BEGIN

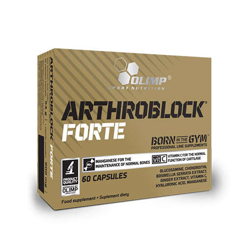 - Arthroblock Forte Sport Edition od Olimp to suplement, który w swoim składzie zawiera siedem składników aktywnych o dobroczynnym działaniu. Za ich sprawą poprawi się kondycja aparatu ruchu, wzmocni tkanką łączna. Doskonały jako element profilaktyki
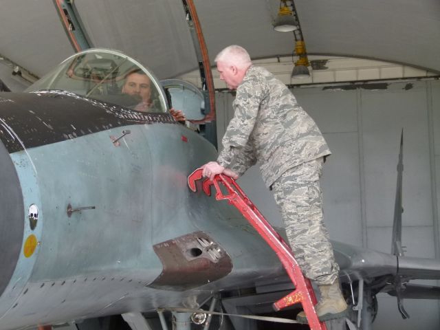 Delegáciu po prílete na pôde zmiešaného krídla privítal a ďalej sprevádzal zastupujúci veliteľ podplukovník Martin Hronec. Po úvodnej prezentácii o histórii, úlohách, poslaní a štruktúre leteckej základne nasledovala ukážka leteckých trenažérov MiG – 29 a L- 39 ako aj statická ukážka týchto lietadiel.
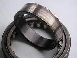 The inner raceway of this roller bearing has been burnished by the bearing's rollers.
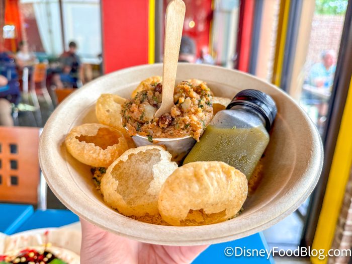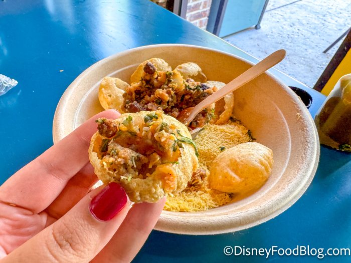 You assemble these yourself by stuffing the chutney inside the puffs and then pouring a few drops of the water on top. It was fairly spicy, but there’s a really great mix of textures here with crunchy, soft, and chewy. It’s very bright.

END

◆ WHAT THE EXERCISE ASKS
Please print the listing above again word for word, without its pictures.

◆ ANSWER AREA
 - Arthroblock Forte Sport Edition od Olimp to suplement, który w swoim składzie zawiera siedem składników aktywnych o dobroczynnym działaniu. Za ich sprawą poprawi się kondycja aparatu ruchu, wzmocni tkanką łączna. Doskonały jako element profilaktyki
 Delegáciu po prílete na pôde zmiešaného krídla privítal a ďalej sprevádzal zastupujúci veliteľ podplukovník Martin Hronec. Po úvodnej prezentácii o histórii, úlohách, poslaní a štruktúre leteckej základne nasledovala ukážka leteckých trenažérov MiG – 29 a L- 39 ako aj statická ukážka týchto lietadiel.
 The inner raceway of this roller bearing has been burnished by the bearing's rollers.
 You assemble these yourself by stuffing the chutney inside the puffs and then pouring a few drops of the water on top. It was fairly spicy, but there’s a really great mix of textures here with crunchy, soft, and chewy. It’s very bright.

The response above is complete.